Work instructions:
The material beneath this line should be printed exactly, with its pictures omitted.

Data section:
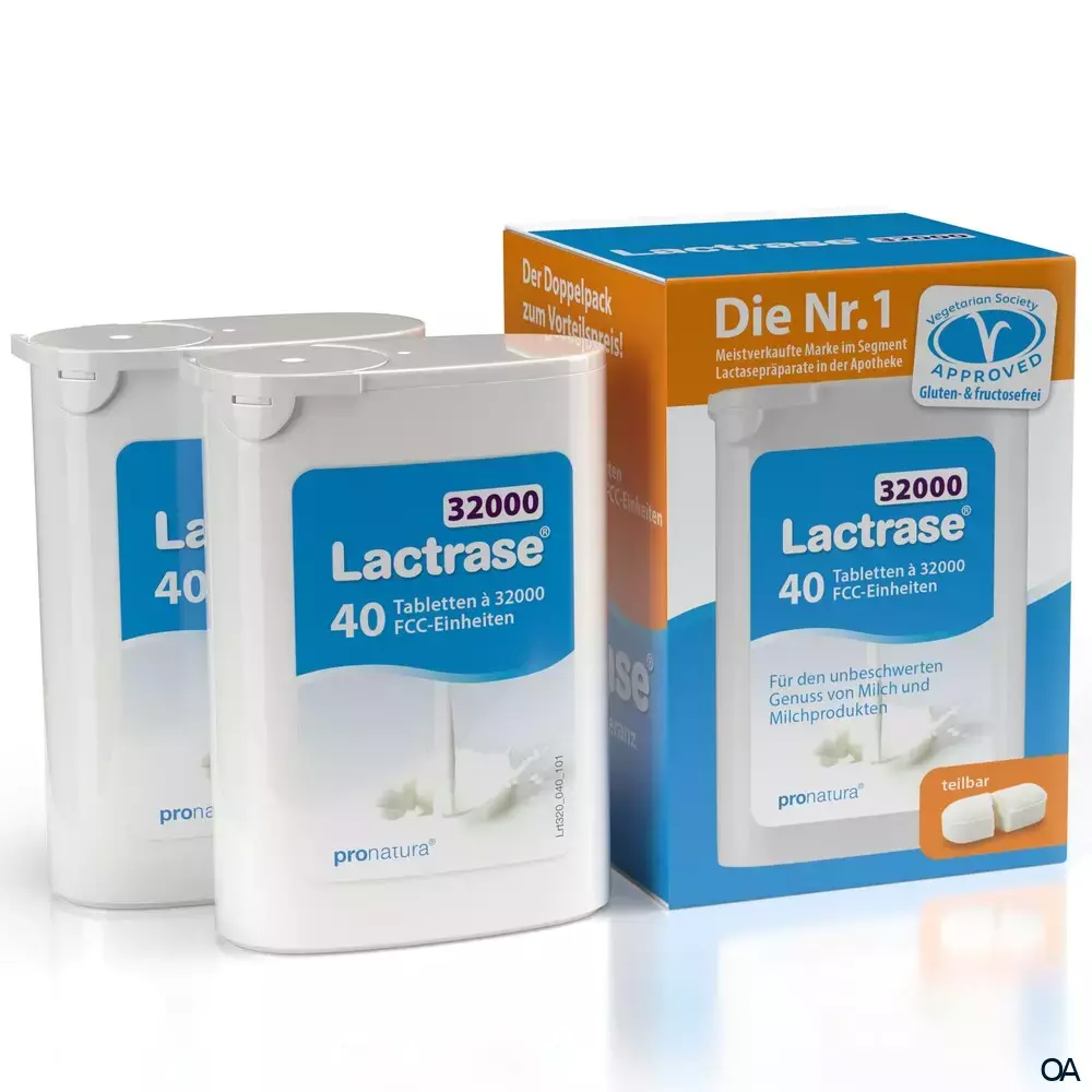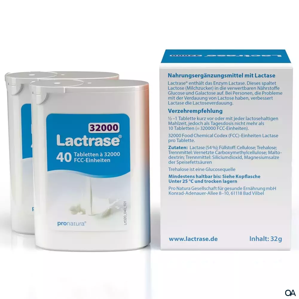 Lactrase® 32000 FCC Tabletten sind ein Nahrungsergänzungsmittel, das die Verdauung von Milchzucker (Laktose) unterstützt. Das enthaltene Enzym Lactase spaltet den Milchzucker in seine Bestandteile Glukose und Galaktose auf.
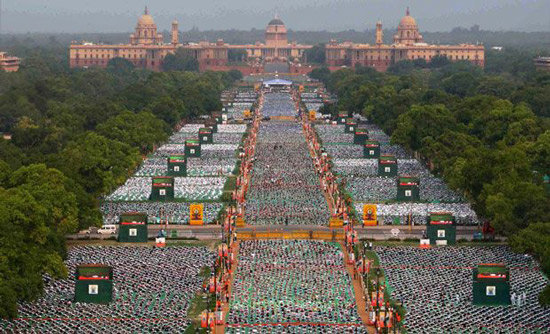 Narendra Modi a condus cel mai mare grup de oameni care au practicat yoga simultan, în capitala New Delhi. Premierul indian a fost acompaniat într-o şedinţă yoga de peste 35.000 de persoane.
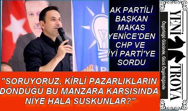 AK Parti Çanakkale İl Başkanı Naim Makas, CHP ile İYİ Parti arasında tartışmaya neden olan ‘HDP’ye bakanlık verilebilir’ sözlerinin ardından 6’lı masada krize yol açan CHP-İYİ Parti arasındaki ihale ifşalarına atıfta bulunarak, CHP’li ve İYİ Parti’li İl Başkanları Metin Ümit Ural ve Selahattin Yıldızlar’a bazı sorular yöneltti. Başkan Makas; “Kirli pazarlıkların döndüğü bu manzarayı Çanakkaleli seçmene nasıl anlatacaksınız? Bu manzara karşısında niye hala suskunsunuz?” dedi.

Exercise response:
 Lactrase® 32000 FCC Tabletten sind ein Nahrungsergänzungsmittel, das die Verdauung von Milchzucker (Laktose) unterstützt. Das enthaltene Enzym Lactase spaltet den Milchzucker in seine Bestandteile Glukose und Galaktose auf.
 Narendra Modi a condus cel mai mare grup de oameni care au practicat yoga simultan, în capitala New Delhi. Premierul indian a fost acompaniat într-o şedinţă yoga de peste 35.000 de persoane.
 AK Parti Çanakkale İl Başkanı Naim Makas, CHP ile İYİ Parti arasında tartışmaya neden olan ‘HDP’ye bakanlık verilebilir’ sözlerinin ardından 6’lı masada krize yol açan CHP-İYİ Parti arasındaki ihale ifşalarına atıfta bulunarak, CHP’li ve İYİ Parti’li İl Başkanları Metin Ümit Ural ve Selahattin Yıldızlar’a bazı sorular yöneltti. Başkan Makas; “Kirli pazarlıkların döndüğü bu manzarayı Çanakkaleli seçmene nasıl anlatacaksınız? Bu manzara karşısında niye hala suskunsunuz?” dedi.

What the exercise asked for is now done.